I try to talk very candidly to friends about Lily's successes and struggles. I don't know if it makes them uncomfortable that I'm excited about something going on with Lily like, "She asked me a question appropriately." Maybe they're on more comfortable footing when I share Emma's successes and struggles because they get the frame of reference. Regardless, I also try to celebrate their kids' successes with them -- and lament their struggles. They love their kids no less.

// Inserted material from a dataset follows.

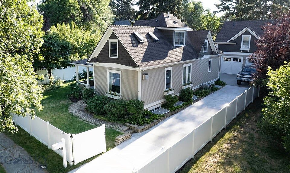 Outside, a detached two-car garage includes a private stairwell to a finished one-bedroom, one-bathroom ADU —ideal as a guest suite or studio. Bold yet timeless, this home stands as a statement of individuality and refined living. Recent upgrades include a whole-home Kinetico water filtration system, permanent exterior lighting, fresh paint, new fence and more — Just minutes to Main Street!

I'll probably realize I'm wrong at some point, but I feel like I've reached a really good place with Lily. I accept her completely. But before I got where I am with Lily today I wondered how to accept autism. Before I wondered how to accept autism, I wondered how best to spread awareness. Before I wondered how to spread awareness I wondered what had caused it. Before I wondered what caused it, I wondered whether I shouldn't have vaccinated. Before I wondered about vaccines, I wondered about cures. Before I wondered about cures, I didn't have an autistic child. Each new thing I learned either built upon the last, or completely razed it to the ground and rebuilt it from scratch. I was totally adrift and I needed to understand. Needed to because my daughter was autistic. No other reason.
Before I had an autistic child, everything I knew about autism came from "Rainman." Everything. Just like your friends. You don't like the questions they ask? Help them ask the right ones. You can't celebrate your friends' kids victories and support them during their losses? Then the problem isn't your friends' insensitivity or lack of perspective. The problem just might be YOU.